Taxonomies

Experimental Feature

This is an experimental feature: the API is subject to change and robustness is not yet comparable to production-grade features.

Taxonomies enable you to interact with different data formats using their own unified access layer of the domain, instead of having to juggle the various naming schemes of each individual data source. In addition to standardizing data access, taxonomies lift queries to a richer semantic level. A frequently used synonym for taxonomy is common information model (CIM).

note

Taxonomies only apply to the query processing of data in VAST and does not affect ingestion.
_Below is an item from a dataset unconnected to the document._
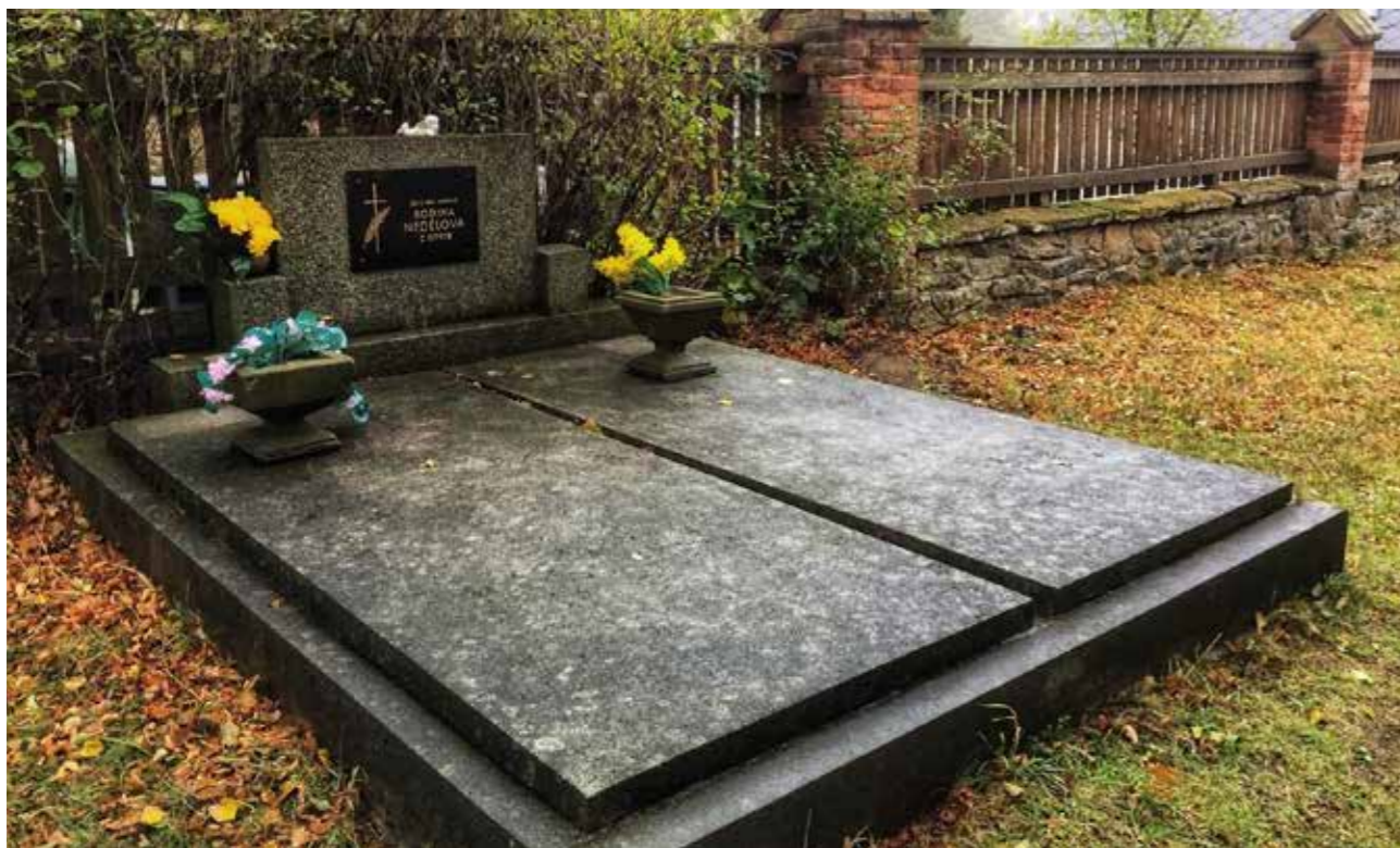
Hrobové místo zřízené mimo pohřebiště v Soběšíně u kostela sv. Havla

Jak mně to čas dovolí, ihned odjíždím z Prahy na chalupu do Soběšína, malebné středočeské obce nad řekou Sázavou obklopenou soukromými lesy pánů Šternberků. A tam... zpravidla jdu se psem podél místní říčky na hřbitov. Máme je tam hned tři. A všechny, co do majetku, církevní. Mám rád jejich atmosféru, malebnost toho jediného dosud nezrušeného se 129 hroby, navíc vedu tamní hřbitovní knihu. Sekám na jednom z nich trávu, hrabu ji osušenou na kupy a odvážím jalovicím do místního kravína. Občas mi pomůže někdo z rodiny, občas někdo od sousedů. Ministruji v prázdném kostele, zpívám žalmy, zvoním umíráček, střídám se se ženou ve šlapání měchů na varhanách. Do kostela sice nikdo, kromě mé mladé paní, dětí a varhanice, pravidelně nechodí, panu faráři to ale nevadí.

Consider the scenario of having two types of network security logs: Sysmon from the endpoint and Suricata on the network side. When a user wants to query all flow events to a particular destination in both formats, they would write a disjunction of two predicates:

suricata.flow.src_ip == 6.6.6.6 || sysmon.NetworkConnection.SourceIp == 6.6.6.6

Concepts remove the linear scaling from writing queries by decoupling semantics from syntax. This takes substantial load off the analyst's mind. Trying to remember format-specific field names is also not a good investment of analyst time, aside from being error-prone in practice. All the user wants to express in the above example is that a source IP address has a certain value. So why not let the user write it directly like this?

source_ip == 6.6.6.6

Taxonomies enable exactly that. VAST automatically translates this short query to the complexer one above.

In the following, we introduce the building blocks of taxonomies that make this possible.

Concepts

A concept is the abstract meaning of data value, independent of the format it occurs in. The representation of a concept is a name that maps to a set of field names. VAST translates a query expression containing a concept name to a disjunction of all fields. That is, concepts are sum types.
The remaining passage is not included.